▶ _Goal of the exercise_
Leaving out the pictures, return each line of the entries from the first through the line with "A szövet tárolódoboz", and only those lines.

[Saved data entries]

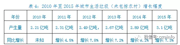 4、近五年全國城市生活垃圾增長幅度。中再生協(xié)會專家組通過實(shí)地調(diào)研及查閱相關(guān)部門資料發(fā)現(xiàn),2010年,全國城市生活垃圾產(chǎn)生量2.21億噸,到2015年,全國城市生活垃圾產(chǎn)生量增長到3.1億噸,5年間城市生活垃圾平均年增長7.54%,其中2014年比2013年同比增長8.2%(見表4)。
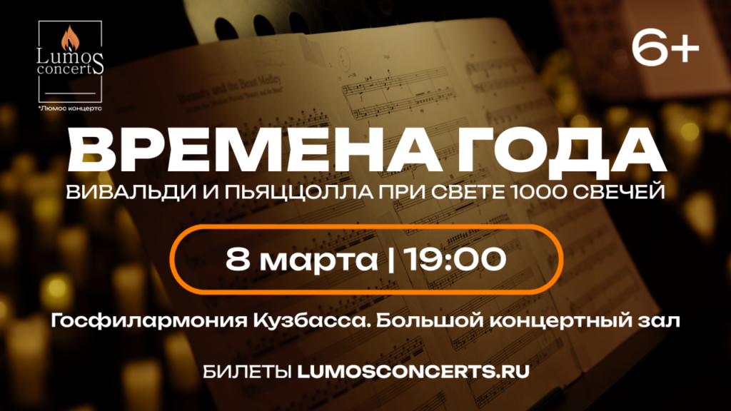 Концерт «Lumos Concerts. Вивальди, Пьяццолла: Времена года» — это возможность услышать музыку двух легендарных композиторов в современном звучании (6+). Особую атмосферу создадут 1000 горящих свечей.
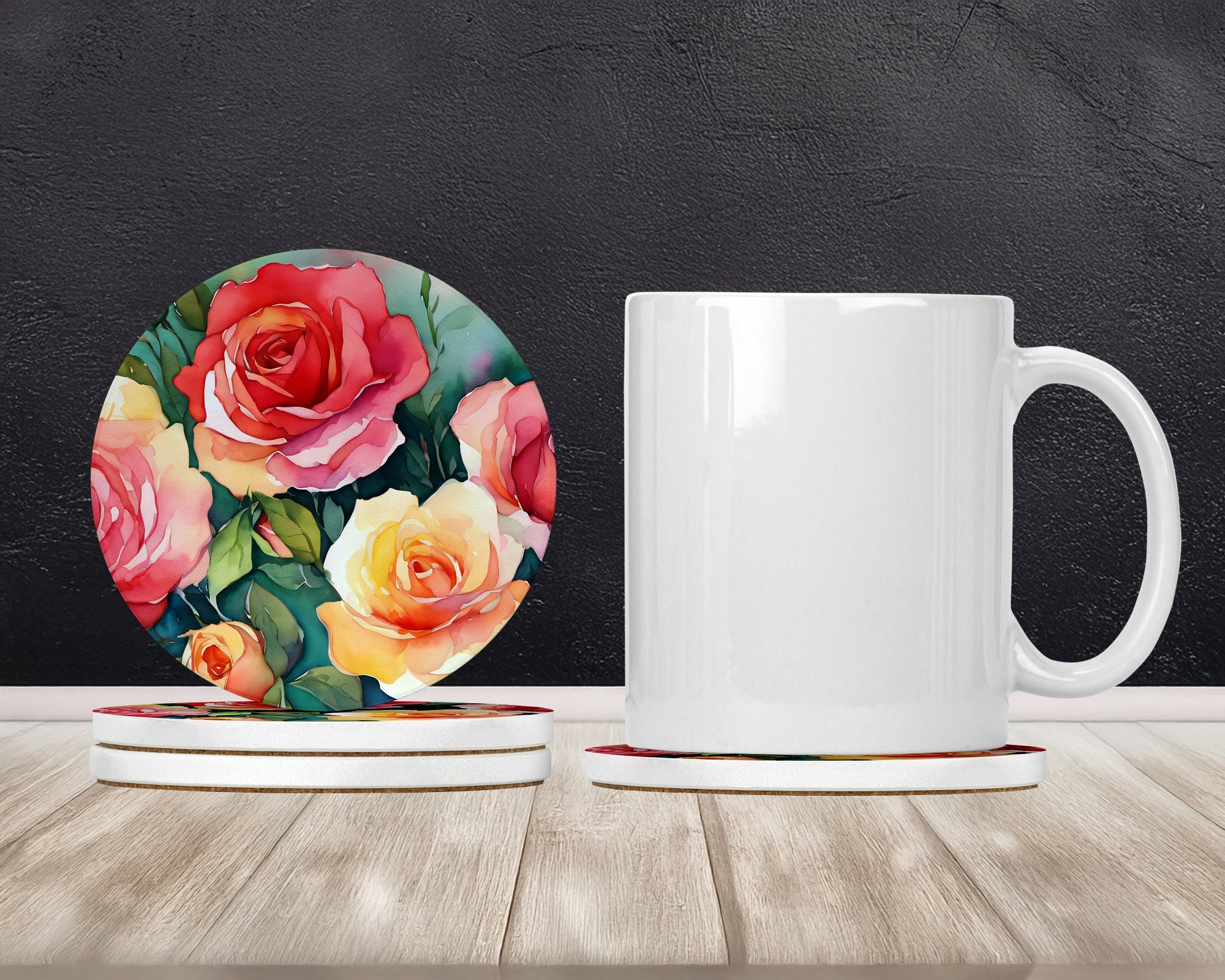 Oklahoma Roses in Watercolor Large Sandstone Coasters Pack of 4
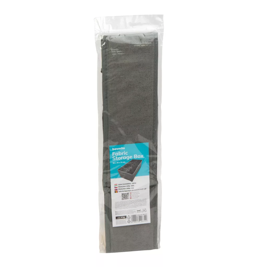 A szövet tárolódoboz tökéletes választás lehet ruhák, játékok vagy bármely más tárgy rendezett tárolásához. A használaton kívüli, kis helyen történő tárolást biztosítja az alján elhelyezett cipzár, amelyet kinyitva összezárható a doboz.
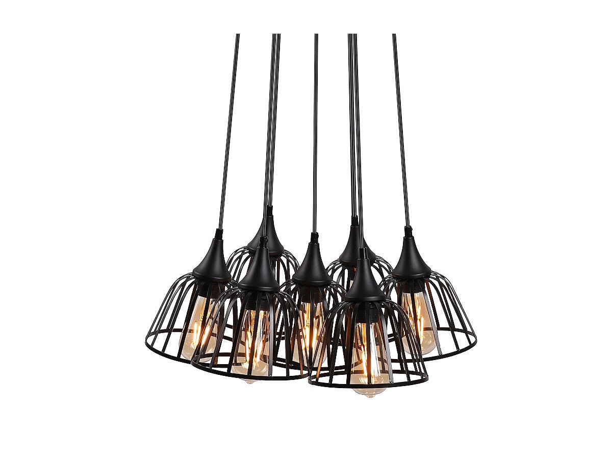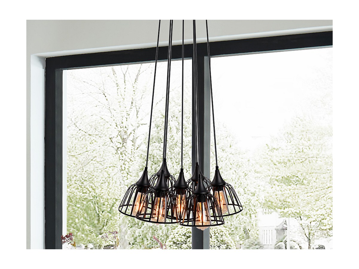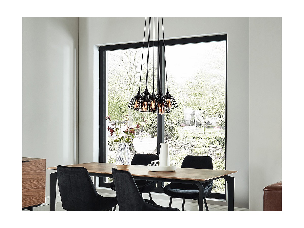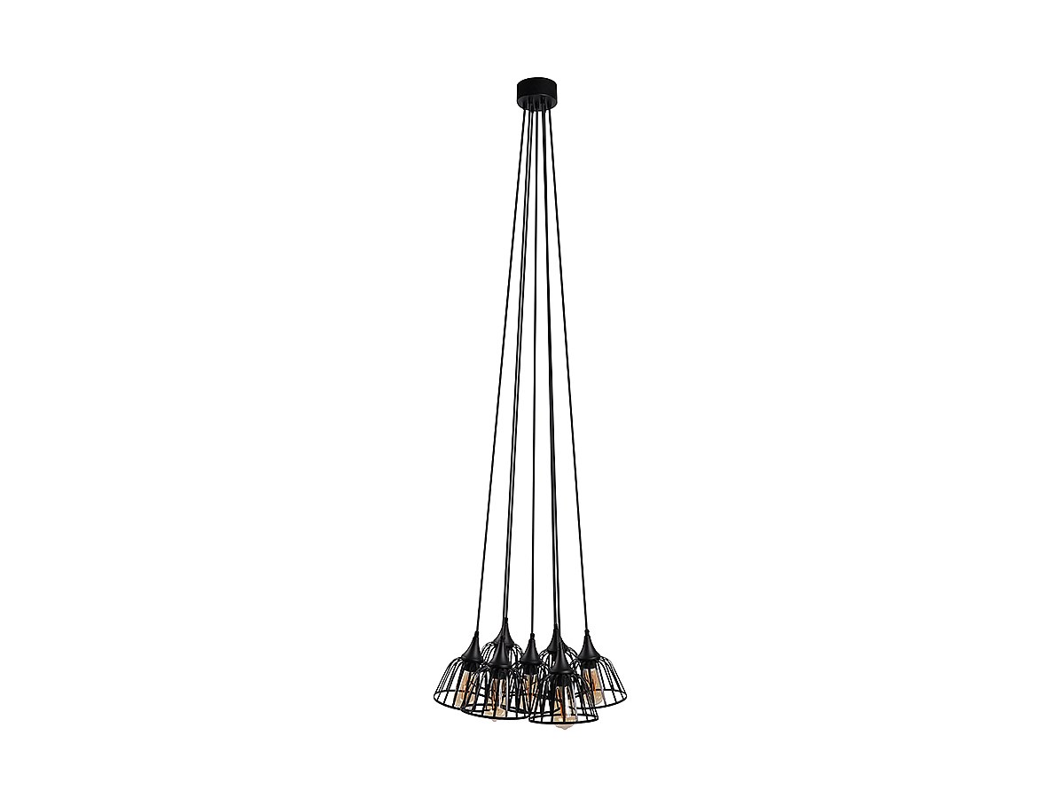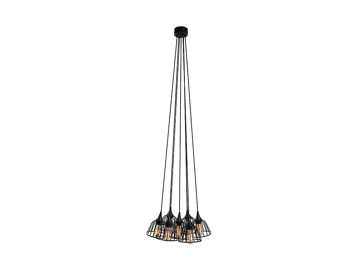 De hanglamp met meerdere lichtpeertjes STYLIAN vertegenwoordigt uitstekend de industriële stijl dankzij zijn lampenkappen met draadstructuur en zijn ruwe zwarte kleur!

▶ _Worked solution_
 4、近五年全國城市生活垃圾增長幅度。中再生協(xié)會專家組通過實(shí)地調(diào)研及查閱相關(guān)部門資料發(fā)現(xiàn),2010年,全國城市生活垃圾產(chǎn)生量2.21億噸,到2015年,全國城市生活垃圾產(chǎn)生量增長到3.1億噸,5年間城市生活垃圾平均年增長7.54%,其中2014年比2013年同比增長8.2%(見表4)。
 Концерт «Lumos Concerts. Вивальди, Пьяццолла: Времена года» — это возможность услышать музыку двух легендарных композиторов в современном звучании (6+). Особую атмосферу создадут 1000 горящих свечей.
 Oklahoma Roses in Watercolor Large Sandstone Coasters Pack of 4
 A szövet tárolódoboz tökéletes választás lehet ruhák, játékok vagy bármely más tárgy rendezett tárolásához. A használaton kívüli, kis helyen történő tárolást biztosítja az alján elhelyezett cipzár, amelyet kinyitva összezárható a doboz.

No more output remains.